I have had a stack of magazines in my house for years. Doesn’t everyone have a stack of magazines in their house? And you think, someday I will throw these out, but not yet. Every time you read an online article about de-cluttering you find the stack and flip through the magazines and you think, yeah, these could go, but maybe I’ll make a collage of my hopes and dreams. Maybe I’ll want to read that article about the New Mrs. Trudeau again. Maybe I’ll want, oh, I don’t know, 50 pictures of FOOD SO MY KIDS WON’T DIE OF SCURVY.

So you save them.

And save them.

And then one day, you recycle them.

And three weeks later you need them.

Dammit.

So I cut up a Safeway flyer but that wasn’t really enough. And the kids, when I told them about the plan, were excited, but there is a sale on cake at Safeway this week and all they want for supper, all week, is cake.

The lovely Megan offered to mail me HER stack of magazines but a) that’s a lot of postage and b) if she mails them to me, then she will need them, like, TOMORROW and this is kind of like paying it backward, don’t you think?

I looked at brand new magazines at Costco yesterday and some of them were $7.99! For 140 chicken recipes! Sorry! Not gonna happen!

This morning after my cup of coffee I had another brainstorm. Value Village! So Fresco and I dropped Trombone and school and went to Value Village, where magazines cost $0.99 each, as god intended. I picked out a few and Fresco suddenly attached to one that had little lemon cheesecakes on the cover. And by attached I mean he carried it with him all over the store and then in the car and then wanted to take it with him for his nap but I said no.
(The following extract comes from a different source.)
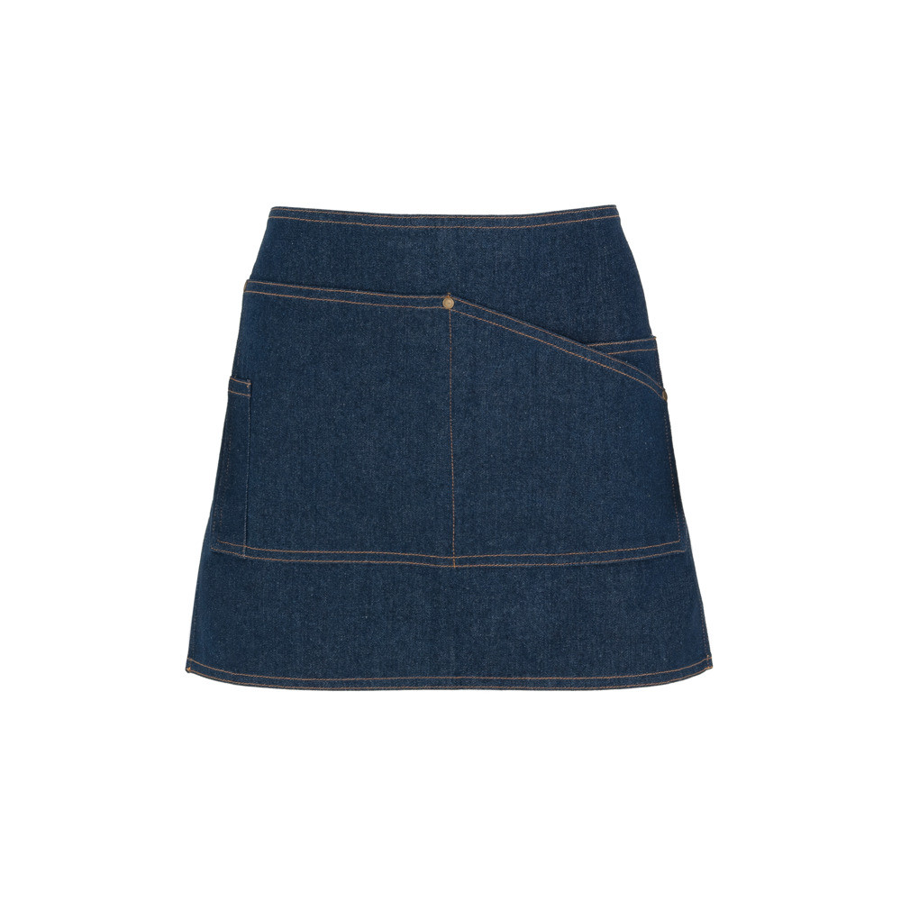 Tablier court en jean.· Fermeture par des liens en sergé contrastés, à la taille pour l'ajustement.· Poche sur le devant avec couture centrale qui divise la poche en deux.· Poche à glissière sur le côté droit.· Une poche intérieure sur le côté gauche.· Étiquette extérieure Roly WRK.Destinataire :

Total for 6 magazines: $6

You can’t just go to Value Village and get some magazines and leave (what? you can?) so we went to the back of the store to look at the toys and then Fresco said, “Mummy we need snowpants,” and I was going to say, “no you don’t,” when I realized that yes in fact they do, and lo! there were snowpants size 4 and lo! snowpants size 3 so I bought them. Thank you.

When we got home from school, Trombone said, as he says every day, “What did you do while I was at school?” and I resisted the urge to say, “we partied! HARD!” and told him I bought him some snowpants and he almost cried with happiness. I have no idea why. The forecast is calling for some snow tomorrow and we also have a tobogganing pass we have to use this season so we have plans to go up the mountain at some point, but really? Snowpants? Both boys tried on their snowpants and then left them on all through lunch.

And that, my friends, is why you should keep expectations nice and low for your children. Snowpants and a second-hand magazine and they won’t be bothering me for days. Bonus points: I can hear them coming. (rustle. rustle.)

But will they eat their vegetables?

Look at those faces. What do you think?

(yes, that is the magazine on Fresco’s lap. The lemon cheesecakes do look really good.)